Knowing what's approved, what's accurate, what's current, what's reusable, and what’s been quietly modified by an AI system that invented something out of thin air are the questions today. And pharma has been solving this for years.

The regulated companies that adapted by working with the constraint rather than against it built the very operational structure the rest of marketing is now scrambling to create.

They built the library before they built the campaign

In most organizations, content creation works like this: A need is identified, a brief is written, an agency or internal team creates the content, and then the approval process begins. For regulated industries, this sequence always results in an expensive traffic jam.

Pharma, however, reversed the process. Instead of creating from scratch every time, they built libraries of pre-approved content modules. These libraries are structured collections of claims, supporting copy, references, and visuals that have already been approved and are then pulled and reassembled into channel-specific experiences without initiating a brand new approval cycle for each piece. This modular approach was designed to scale content without overwhelming the review process.

Novo Nordisk is a good example of an early organization that leveraged modular content for massive growth. They grew their content library form a few thousand assets to over 30,000 while also shortening review; ceasing to act like a traditional creative department and started to act like a manufacturing operation.

The point about shifting toward manufacturing principles is critical. You can’t achieve massive scale by simply telling people to work harder. You scale by having an approved system for what claims are authorized, what modules are reusable, and what rules govern the entire process. In short, they built the factory before they built the product line. Most marketing organizations never had a reason to consider this before, but now they do.

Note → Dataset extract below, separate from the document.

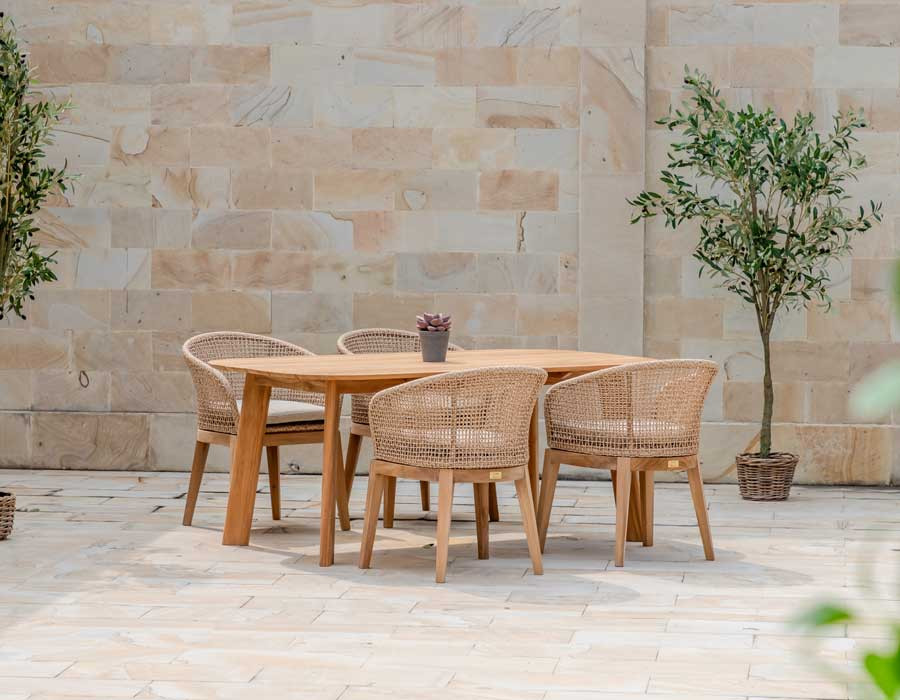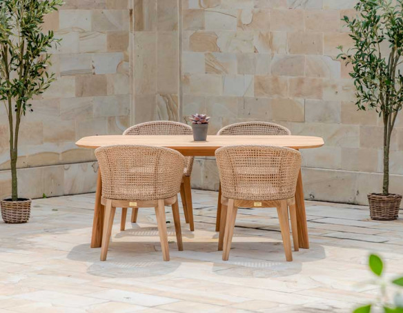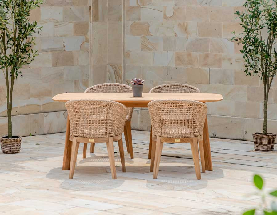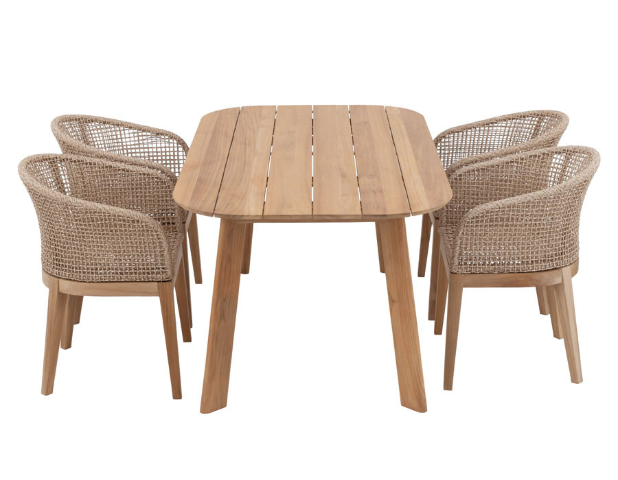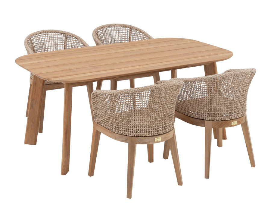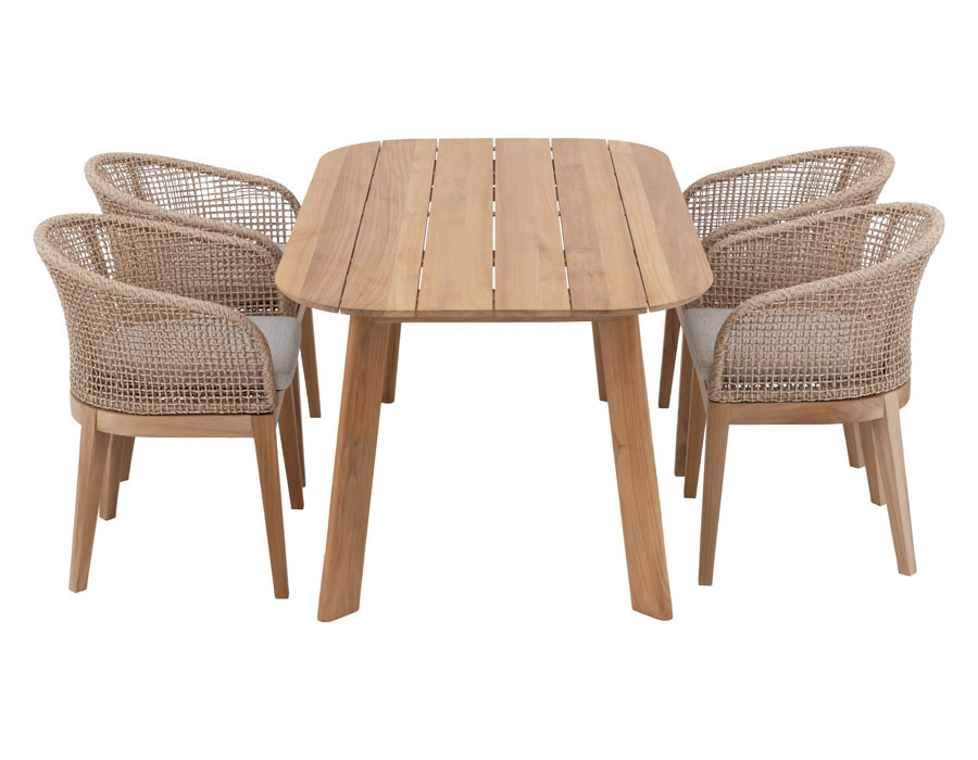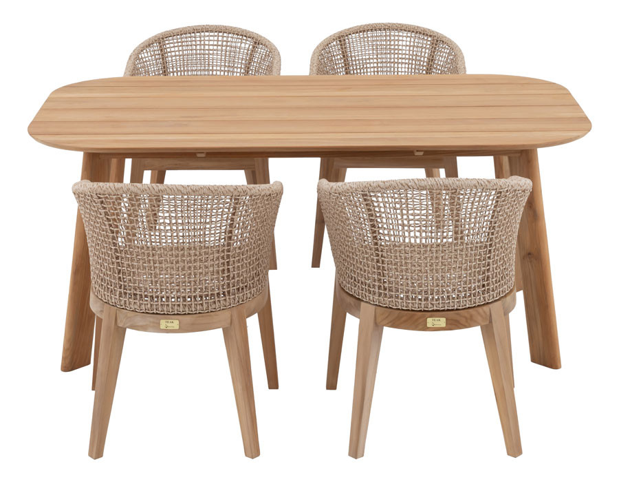 Skab en indbydende spiseplads i uderummet med Balder kerneteak havebordet og 4 Rima havestole i et harmonisk, naturligt udtryk. Bordet er udført i certificeret kerneteak og har et tidløst design med bløde, afrundede hjørner, der giver et elegant og let look på terrassen.

Review became a design input

In many organizations, legal and compliance review is something that happens to content after it's made. It's the last gate before publish, which makes it the most expensive time to discover a problem.

Sanofi and others in pharma flipped this. They integrated MRL review into their content architecture with tiers of review built directly in. This architecture was designed to minimize review time for each individual piece of content by ensuring that only pre-cleared components were included. Review went from bottleneck to design constraint, something you engineer around at the start rather than suffer through at the end.

When the constraint is built in early, better decisions are made sooner. You don't fall in love with copy that can't withstand scrutiny. You don't spend three weeks on a visual that gets killed by legal. You edit before you invest, which is a much more efficient way for a content operation to run than what most marketing teams are currently doing.

Measurement wasn’t an afterthought

Modular systems also facilitate something most content operations struggle with: traceability. When every content module has an identity, every claim can be traced, each variation leaves a fingerprint, and each performance signal can be tracked.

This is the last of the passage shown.